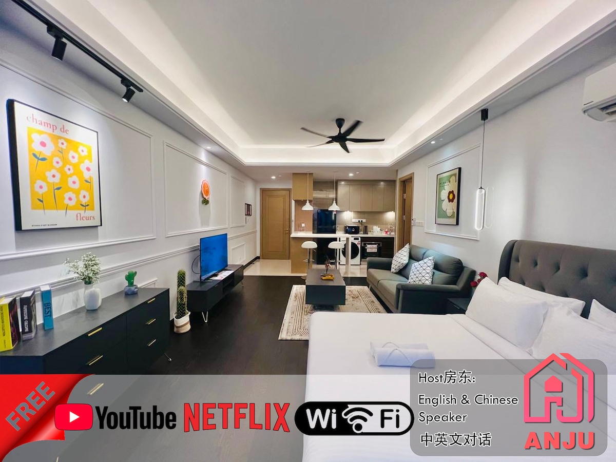 Bienvenido a la SERIE de suites THEELEGANCE l, en el corazón de Johor Bahru R&F Princess Cove. Ofrecemos una elegante unidad de estudio para tu comodidad y comodidades bien pensadas. Excelente ubicación: A 3 minutos en coche de JB Central, a 5 minutos de Bazaar Karat, KomtarJBCC, Danga Bay Beach. A 10 minutos del centro comercial KSL City Mall, a 11 minutos de Midvalley, a 20 minutos de Legoland, a 30 minutos de JPO y del aeropuerto Sinaí. Convenientemente ubicado cerca: A 1 minuto a pie de Fuli Shopping Plaza, Jaya Grocer y 7-11, a 5 minutos a pie de CIQ directamente a Singapur, a 10 minutos a pie de KomtarJBCC y City Square. Se proporcionan suministros bien pensados Toallas, champú, ducha y acondicionador. Descripción DE las instalaciones: Cama tamaño king, TV Netflix, estacionamiento gratuito, lavadora, cocina de inducción. Recordatorio: 30 RM por persona de la tercera persona, incluidos juegos de cama y toallas, gracias por tu comprensión y cooperación. ¡La serie de suites Elegance l se compromete a proporcionar una estancia única tanto para que los viajeros de negocios como de placer reserven ahora y disfruten del viaje a Johor Bahru!
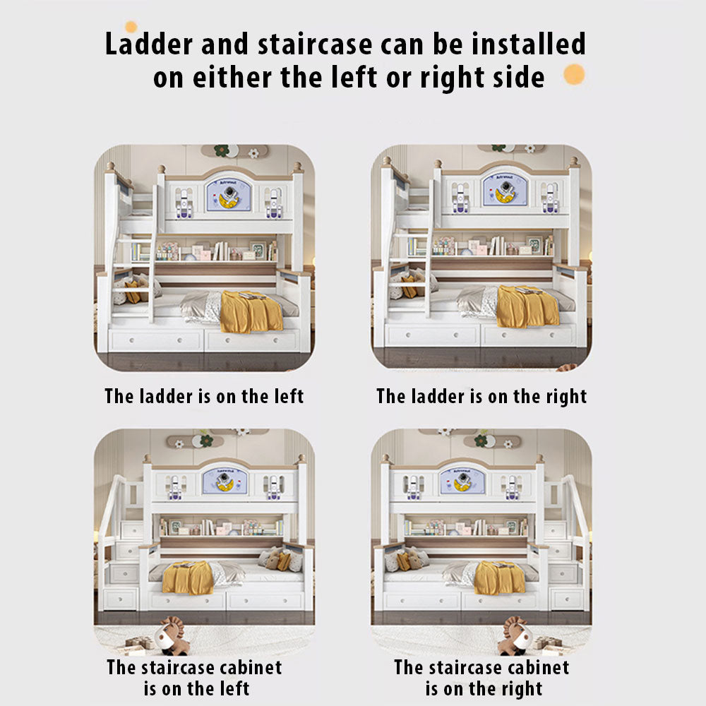 LUXORA CR 120/135/150/160/180cm Cherry Wood Bunk Bed with Staircase Storage Eco-Friendly Solid Wood Kids' Bed with Water-Based Paint
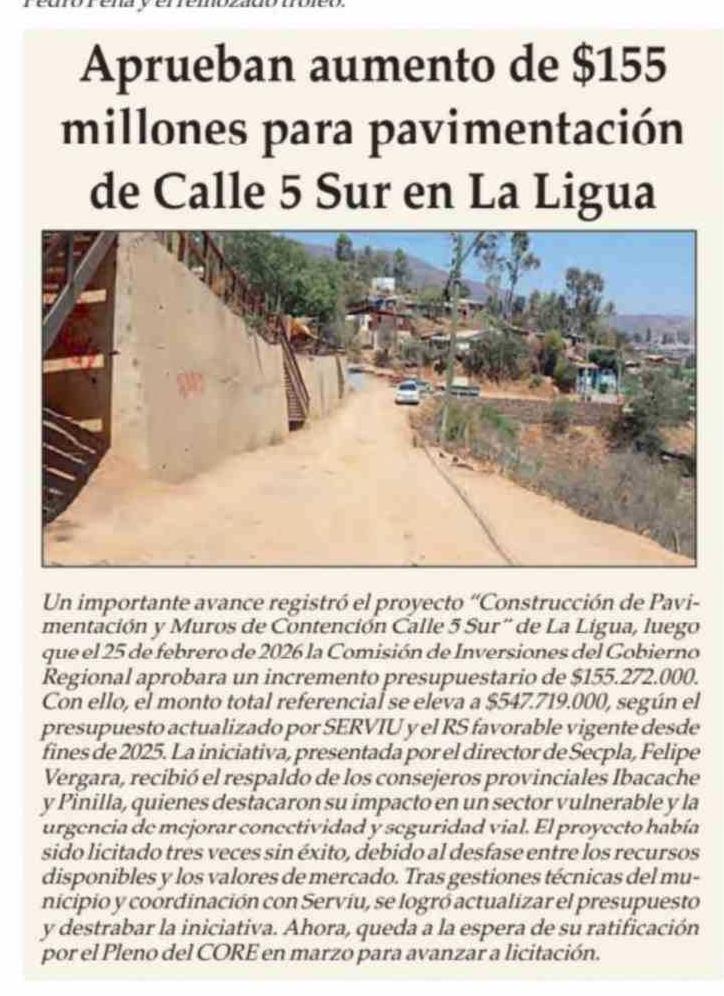 Título: Aprueban aumento de $155 millones para pavimentación de Calle 5 Sur en La Ligua
_ _ _
Problem to work on –
Please output the listing above in full, exactly as given, without its images.

Result –
 Bienvenido a la SERIE de suites THEELEGANCE l, en el corazón de Johor Bahru R&F Princess Cove. Ofrecemos una elegante unidad de estudio para tu comodidad y comodidades bien pensadas. Excelente ubicación: A 3 minutos en coche de JB Central, a 5 minutos de Bazaar Karat, KomtarJBCC, Danga Bay Beach. A 10 minutos del centro comercial KSL City Mall, a 11 minutos de Midvalley, a 20 minutos de Legoland, a 30 minutos de JPO y del aeropuerto Sinaí. Convenientemente ubicado cerca: A 1 minuto a pie de Fuli Shopping Plaza, Jaya Grocer y 7-11, a 5 minutos a pie de CIQ directamente a Singapur, a 10 minutos a pie de KomtarJBCC y City Square. Se proporcionan suministros bien pensados Toallas, champú, ducha y acondicionador. Descripción DE las instalaciones: Cama tamaño king, TV Netflix, estacionamiento gratuito, lavadora, cocina de inducción. Recordatorio: 30 RM por persona de la tercera persona, incluidos juegos de cama y toallas, gracias por tu comprensión y cooperación. ¡La serie de suites Elegance l se compromete a proporcionar una estancia única tanto para que los viajeros de negocios como de placer reserven ahora y disfruten del viaje a Johor Bahru!
 LUXORA CR 120/135/150/160/180cm Cherry Wood Bunk Bed with Staircase Storage Eco-Friendly Solid Wood Kids' Bed with Water-Based Paint
 Título: Aprueban aumento de $155 millones para pavimentación de Calle 5 Sur en La Ligua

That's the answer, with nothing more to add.